By Mary Jane Irwin, Luca Benini, N. Vijaykrishnan, and Mahmut Kandemir
Network architecture heavily influences communication energy. As hinted
in the previous section, shared-medium networks (busses) are currently
the most common choice, but it is intuitively clear that busses are not
energy-efficient as network size scales up, as it must for
MPSoCs.
In bus-based communication, data are always broadcast from one
transmitter to all possible receivers, whereas in most cases messages
are destined to reach only one receiver, or a small group. Bus
contention, with the related arbitration overhead, further contributes
to the energy overhead.
Studies on energy-efficient on-chip communication indicate that
hierarchical and heterogeneous architectures are much more
energy-efficient than busses. Zhang et al. [65] developed a
hierarchical generalized mesh whereby network nodes with a high
communication bandwidth requirement are clustered and connected through
a programmable generalized mesh consisting of several short
communication channels joined by programmable switches.
Clusters are then connected through a generalized mesh of global
long communication channels.

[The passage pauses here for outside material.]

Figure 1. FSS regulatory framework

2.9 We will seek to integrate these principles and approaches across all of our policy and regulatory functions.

Clearly such architecture is heterogeneous
because the energy cost of intra-cluster communication is much smaller
than that of inter-cluster communication.

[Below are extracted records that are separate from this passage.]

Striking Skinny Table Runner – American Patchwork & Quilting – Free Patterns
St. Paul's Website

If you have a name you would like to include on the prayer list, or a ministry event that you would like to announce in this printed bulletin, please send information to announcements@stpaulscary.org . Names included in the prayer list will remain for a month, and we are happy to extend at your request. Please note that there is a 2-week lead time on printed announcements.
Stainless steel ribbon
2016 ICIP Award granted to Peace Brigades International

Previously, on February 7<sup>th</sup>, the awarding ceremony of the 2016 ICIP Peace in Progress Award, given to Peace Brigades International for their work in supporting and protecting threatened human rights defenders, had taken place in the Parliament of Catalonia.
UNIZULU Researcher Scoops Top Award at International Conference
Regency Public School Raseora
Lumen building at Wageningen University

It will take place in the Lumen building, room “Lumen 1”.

Although the work of Zhang et al. [65] demonstrates that power can
be saved by optimizing network architecture, many network design issues
are still open, and we need tools and algorithms to explore the design
space and to tailor network architecture to specific applications or
classes of applications.
Network architecture is only one facet of network layer design, the
other major facet being network control. A critical issue in this area
is the choice of a switching scheme for indirect network architectures.
From the energy viewpoint, the tradeoff is between the cost of
setting up a circuit-switched connection once and for all, and the
overhead of switching packets throughout the entire communication time
on a packet-based connection. In the former case the network control
overhead is "lumped'' and incurred once, whereas in the latter case, it
is distributed over many small contributions, one for each packet.
When communication flow between network nodes is extremely
persistent and stationary, circuit-switched schemes are likely to be
preferable, whereas packet switched schemes should be more
energy-efficient for irregular and non-stationary communication
patterns. Needless to say, circuit switching and packet switching are
just two extremes of a spectrum, with many hybrid solutions in between.